TASK PROMPT
Pull every line holding the string "tudi" from the records below.

RAW DATA
▬▬▬▬▬▬

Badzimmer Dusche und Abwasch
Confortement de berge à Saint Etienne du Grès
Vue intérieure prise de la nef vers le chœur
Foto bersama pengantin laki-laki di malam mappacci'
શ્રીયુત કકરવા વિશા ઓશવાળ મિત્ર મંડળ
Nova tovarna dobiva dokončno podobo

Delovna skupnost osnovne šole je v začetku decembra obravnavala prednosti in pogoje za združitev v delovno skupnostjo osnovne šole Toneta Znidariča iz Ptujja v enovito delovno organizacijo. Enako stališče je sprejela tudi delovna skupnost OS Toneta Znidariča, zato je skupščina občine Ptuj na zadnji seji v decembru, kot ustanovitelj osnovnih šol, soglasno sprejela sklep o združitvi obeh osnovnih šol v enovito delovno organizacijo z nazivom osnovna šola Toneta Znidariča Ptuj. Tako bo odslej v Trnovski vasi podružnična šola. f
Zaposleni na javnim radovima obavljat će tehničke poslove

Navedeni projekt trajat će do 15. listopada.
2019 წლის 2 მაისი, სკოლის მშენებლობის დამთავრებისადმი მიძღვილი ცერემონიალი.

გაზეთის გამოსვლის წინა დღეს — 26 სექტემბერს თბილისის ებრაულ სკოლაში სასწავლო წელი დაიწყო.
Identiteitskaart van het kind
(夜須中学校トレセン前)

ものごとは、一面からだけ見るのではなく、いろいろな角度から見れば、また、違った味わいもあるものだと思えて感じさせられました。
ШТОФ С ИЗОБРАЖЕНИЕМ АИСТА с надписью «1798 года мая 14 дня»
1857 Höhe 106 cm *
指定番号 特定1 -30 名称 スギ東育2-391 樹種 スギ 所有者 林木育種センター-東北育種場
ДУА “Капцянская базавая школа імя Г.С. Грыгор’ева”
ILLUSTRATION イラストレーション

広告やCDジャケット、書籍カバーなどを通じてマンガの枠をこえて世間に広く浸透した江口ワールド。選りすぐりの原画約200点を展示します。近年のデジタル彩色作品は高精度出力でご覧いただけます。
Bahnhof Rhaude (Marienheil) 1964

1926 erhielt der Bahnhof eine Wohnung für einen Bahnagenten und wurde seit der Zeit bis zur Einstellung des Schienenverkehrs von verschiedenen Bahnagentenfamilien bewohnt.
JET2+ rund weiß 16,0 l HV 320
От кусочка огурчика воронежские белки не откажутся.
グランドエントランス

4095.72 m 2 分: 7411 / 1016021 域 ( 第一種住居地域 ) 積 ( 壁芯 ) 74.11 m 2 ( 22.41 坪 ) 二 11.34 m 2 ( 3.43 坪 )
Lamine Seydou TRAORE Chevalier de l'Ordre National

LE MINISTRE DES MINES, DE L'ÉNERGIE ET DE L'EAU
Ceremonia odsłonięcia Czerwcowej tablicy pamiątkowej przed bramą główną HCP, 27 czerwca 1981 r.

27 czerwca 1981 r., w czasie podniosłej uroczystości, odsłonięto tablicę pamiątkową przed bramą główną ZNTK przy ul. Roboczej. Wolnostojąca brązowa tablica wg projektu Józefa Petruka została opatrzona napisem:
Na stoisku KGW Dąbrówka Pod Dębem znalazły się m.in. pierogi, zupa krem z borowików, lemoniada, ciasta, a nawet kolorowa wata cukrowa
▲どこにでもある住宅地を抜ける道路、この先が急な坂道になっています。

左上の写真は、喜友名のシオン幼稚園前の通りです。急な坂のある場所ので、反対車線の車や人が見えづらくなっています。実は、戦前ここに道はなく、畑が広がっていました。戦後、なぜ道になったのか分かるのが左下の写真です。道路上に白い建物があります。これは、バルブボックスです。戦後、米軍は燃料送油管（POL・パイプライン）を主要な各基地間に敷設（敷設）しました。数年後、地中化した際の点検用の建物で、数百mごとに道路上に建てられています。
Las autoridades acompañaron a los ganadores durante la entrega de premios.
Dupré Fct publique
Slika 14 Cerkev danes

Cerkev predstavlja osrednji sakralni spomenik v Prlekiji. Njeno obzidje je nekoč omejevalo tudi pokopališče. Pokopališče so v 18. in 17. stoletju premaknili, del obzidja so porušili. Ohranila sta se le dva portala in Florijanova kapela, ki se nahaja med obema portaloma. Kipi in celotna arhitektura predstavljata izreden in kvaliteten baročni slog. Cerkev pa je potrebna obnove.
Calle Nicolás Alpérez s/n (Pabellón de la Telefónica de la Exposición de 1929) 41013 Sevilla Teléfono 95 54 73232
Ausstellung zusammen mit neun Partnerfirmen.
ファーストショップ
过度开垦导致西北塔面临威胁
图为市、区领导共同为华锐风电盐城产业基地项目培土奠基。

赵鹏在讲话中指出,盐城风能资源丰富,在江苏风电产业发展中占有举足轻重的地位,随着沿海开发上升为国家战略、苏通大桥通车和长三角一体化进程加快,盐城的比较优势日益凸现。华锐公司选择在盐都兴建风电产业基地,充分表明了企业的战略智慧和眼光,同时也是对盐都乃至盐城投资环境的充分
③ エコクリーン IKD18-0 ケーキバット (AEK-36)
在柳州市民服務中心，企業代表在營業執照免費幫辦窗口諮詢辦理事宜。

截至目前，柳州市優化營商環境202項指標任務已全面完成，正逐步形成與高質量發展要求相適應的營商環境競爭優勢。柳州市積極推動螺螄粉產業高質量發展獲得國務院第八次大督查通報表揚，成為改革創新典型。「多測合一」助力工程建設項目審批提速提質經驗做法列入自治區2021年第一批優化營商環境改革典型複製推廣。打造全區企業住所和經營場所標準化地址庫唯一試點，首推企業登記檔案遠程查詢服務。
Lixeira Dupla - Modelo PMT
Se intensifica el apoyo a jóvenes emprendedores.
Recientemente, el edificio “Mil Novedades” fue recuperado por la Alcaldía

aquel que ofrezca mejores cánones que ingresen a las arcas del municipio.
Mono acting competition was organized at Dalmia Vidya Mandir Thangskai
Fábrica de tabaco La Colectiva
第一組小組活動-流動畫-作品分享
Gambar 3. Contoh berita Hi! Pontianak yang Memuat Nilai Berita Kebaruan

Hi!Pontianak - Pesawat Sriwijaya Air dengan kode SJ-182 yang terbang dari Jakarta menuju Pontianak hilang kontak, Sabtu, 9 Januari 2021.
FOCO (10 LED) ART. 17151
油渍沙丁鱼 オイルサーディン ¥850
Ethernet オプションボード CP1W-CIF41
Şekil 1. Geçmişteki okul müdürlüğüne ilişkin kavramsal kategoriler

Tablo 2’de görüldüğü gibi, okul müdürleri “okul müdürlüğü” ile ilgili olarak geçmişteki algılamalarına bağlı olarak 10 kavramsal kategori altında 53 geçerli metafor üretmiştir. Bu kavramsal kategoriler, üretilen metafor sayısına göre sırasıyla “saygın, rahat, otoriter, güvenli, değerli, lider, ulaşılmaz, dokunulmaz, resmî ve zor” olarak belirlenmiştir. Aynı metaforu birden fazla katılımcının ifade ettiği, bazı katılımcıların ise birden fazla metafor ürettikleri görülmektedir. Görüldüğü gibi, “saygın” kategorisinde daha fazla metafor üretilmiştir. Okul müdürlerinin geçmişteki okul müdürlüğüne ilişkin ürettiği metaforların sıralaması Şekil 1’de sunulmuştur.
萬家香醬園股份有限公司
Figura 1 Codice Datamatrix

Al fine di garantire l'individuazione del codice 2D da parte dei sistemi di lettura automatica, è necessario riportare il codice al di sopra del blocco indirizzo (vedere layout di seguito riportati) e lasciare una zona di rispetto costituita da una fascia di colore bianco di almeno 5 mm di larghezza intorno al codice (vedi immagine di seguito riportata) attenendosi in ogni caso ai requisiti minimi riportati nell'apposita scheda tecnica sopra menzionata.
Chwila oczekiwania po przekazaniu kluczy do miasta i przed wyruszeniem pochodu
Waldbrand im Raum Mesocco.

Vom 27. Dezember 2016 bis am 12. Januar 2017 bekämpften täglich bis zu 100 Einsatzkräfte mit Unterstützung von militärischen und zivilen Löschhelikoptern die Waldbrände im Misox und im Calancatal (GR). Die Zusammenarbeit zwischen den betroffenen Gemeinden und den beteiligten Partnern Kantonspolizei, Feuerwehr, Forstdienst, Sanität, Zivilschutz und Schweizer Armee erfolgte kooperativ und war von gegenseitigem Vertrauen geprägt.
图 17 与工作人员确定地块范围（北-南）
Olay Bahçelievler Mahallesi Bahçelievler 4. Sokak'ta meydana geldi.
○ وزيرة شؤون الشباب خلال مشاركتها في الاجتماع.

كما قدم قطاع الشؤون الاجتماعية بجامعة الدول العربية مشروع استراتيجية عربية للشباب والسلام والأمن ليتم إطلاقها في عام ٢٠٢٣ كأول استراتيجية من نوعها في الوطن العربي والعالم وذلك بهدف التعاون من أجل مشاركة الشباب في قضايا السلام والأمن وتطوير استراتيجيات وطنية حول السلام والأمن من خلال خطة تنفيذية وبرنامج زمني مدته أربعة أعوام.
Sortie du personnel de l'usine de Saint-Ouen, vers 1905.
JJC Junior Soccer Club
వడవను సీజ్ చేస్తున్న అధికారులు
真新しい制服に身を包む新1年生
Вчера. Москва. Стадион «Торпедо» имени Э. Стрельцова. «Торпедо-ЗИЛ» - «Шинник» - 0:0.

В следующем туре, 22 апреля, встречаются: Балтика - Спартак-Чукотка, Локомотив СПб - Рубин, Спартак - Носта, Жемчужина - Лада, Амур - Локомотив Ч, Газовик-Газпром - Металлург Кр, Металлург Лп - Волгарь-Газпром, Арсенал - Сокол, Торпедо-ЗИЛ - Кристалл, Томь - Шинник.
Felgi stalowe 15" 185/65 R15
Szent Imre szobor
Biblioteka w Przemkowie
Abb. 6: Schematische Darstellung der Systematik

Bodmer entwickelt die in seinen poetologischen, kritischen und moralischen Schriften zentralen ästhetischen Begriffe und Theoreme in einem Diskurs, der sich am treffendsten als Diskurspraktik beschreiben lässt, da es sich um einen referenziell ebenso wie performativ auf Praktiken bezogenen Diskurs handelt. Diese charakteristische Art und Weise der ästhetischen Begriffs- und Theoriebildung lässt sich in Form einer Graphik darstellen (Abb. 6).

▬▬▬▬▬▬

ANSWER AREA
Delovna skupnost osnovne šole je v začetku decembra obravnavala prednosti in pogoje za združitev v delovno skupnostjo osnovne šole Toneta Znidariča iz Ptujja v enovito delovno organizacijo. Enako stališče je sprejela tudi delovna skupnost OS Toneta Znidariča, zato je skupščina občine Ptuj na zadnji seji v decembru, kot ustanovitelj osnovnih šol, soglasno sprejela sklep o združitvi obeh osnovnih šol v enovito delovno organizacijo z nazivom osnovna šola Toneta Znidariča Ptuj. Tako bo odslej v Trnovski vasi podružnična šola. f
Cerkev predstavlja osrednji sakralni spomenik v Prlekiji. Njeno obzidje je nekoč omejevalo tudi pokopališče. Pokopališče so v 18. in 17. stoletju premaknili, del obzidja so porušili. Ohranila sta se le dva portala in Florijanova kapela, ki se nahaja med obema portaloma. Kipi in celotna arhitektura predstavljata izreden in kvaliteten baročni slog. Cerkev pa je potrebna obnove.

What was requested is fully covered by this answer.